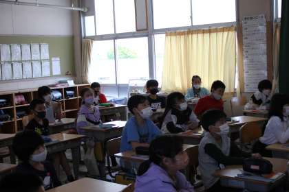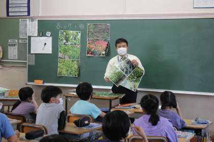 寿恵野小学校の敷地にある植物の写真を見て、それが何か考えていました。後で、いきいきランドなど植物や昆虫の観察を行いました。
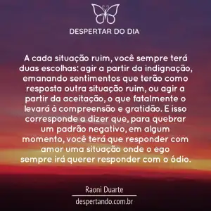 A cada situação ruim, você sempre terá duas escolhas: agir a partir da indignação, emanando sentimentos que terão como resposta outra situação ruim, ou agir
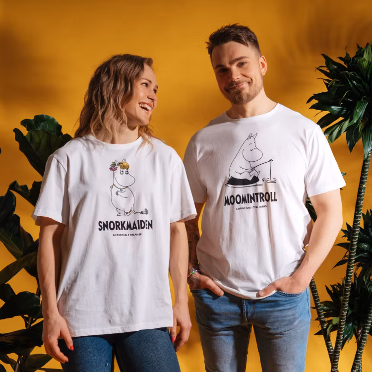 En fin Mumin t-shirt för vuxna. T-shirten är benvit, i rak unisex-modell med kort ärm och rund halsringning. I nacken finns frågan 'Which Moomin character are you?' och framtill finns det engelska namnet på favoritfiguren, tillsammans med en bild på den. Tillverkad i 100% bomull. Den rakhåriga modellen är 174 cm lång och bär storlek S. Öko-tex.
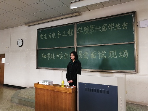 面试人员提前入场,有序入座,面试正式开始。前来竞选的员工个个都自信满满,胸有成竹。他们依次上台演讲,向评委和同学们讲述自己的优势、在员工会获得的收获、对员工会的贡献、以及当选后对未来的展望等。随后,评委们考察竞选人员各方面的能力,评委们根据竞选人员的日常学习生活状况和职务要求等方面对竞选人员提出问题,各竞选人员沉着冷静,对答如流。评委们以公平、公正、公开的原则进行考核,为员工组织的发展壮大输送新鲜血液。虽然各竞选人员所竞选的职位不同,但他们对竞选职位的热情都是相同的,他们所流露出的才华和能力,也让在场的每一个人对第十七届员工会都充满了期待。面试临近尾声,每位竞选的同学依旧精神抖擞,没有丝毫放松,充分体现了他们积极踏实、认真负责的精神。

**Task goal**
Retype all of the material above exactly; the pictures stay out.

**Output for this exercise**
 寿恵野小学校の敷地にある植物の写真を見て、それが何か考えていました。後で、いきいきランドなど植物や昆虫の観察を行いました。
 A cada situação ruim, você sempre terá duas escolhas: agir a partir da indignação, emanando sentimentos que terão como resposta outra situação ruim, ou agir
 En fin Mumin t-shirt för vuxna. T-shirten är benvit, i rak unisex-modell med kort ärm och rund halsringning. I nacken finns frågan 'Which Moomin character are you?' och framtill finns det engelska namnet på favoritfiguren, tillsammans med en bild på den. Tillverkad i 100% bomull. Den rakhåriga modellen är 174 cm lång och bär storlek S. Öko-tex.
 面试人员提前入场,有序入座,面试正式开始。前来竞选的员工个个都自信满满,胸有成竹。他们依次上台演讲,向评委和同学们讲述自己的优势、在员工会获得的收获、对员工会的贡献、以及当选后对未来的展望等。随后,评委们考察竞选人员各方面的能力,评委们根据竞选人员的日常学习生活状况和职务要求等方面对竞选人员提出问题,各竞选人员沉着冷静,对答如流。评委们以公平、公正、公开的原则进行考核,为员工组织的发展壮大输送新鲜血液。虽然各竞选人员所竞选的职位不同,但他们对竞选职位的热情都是相同的,他们所流露出的才华和能力,也让在场的每一个人对第十七届员工会都充满了期待。面试临近尾声,每位竞选的同学依旧精神抖擞,没有丝毫放松,充分体现了他们积极踏实、认真负责的精神。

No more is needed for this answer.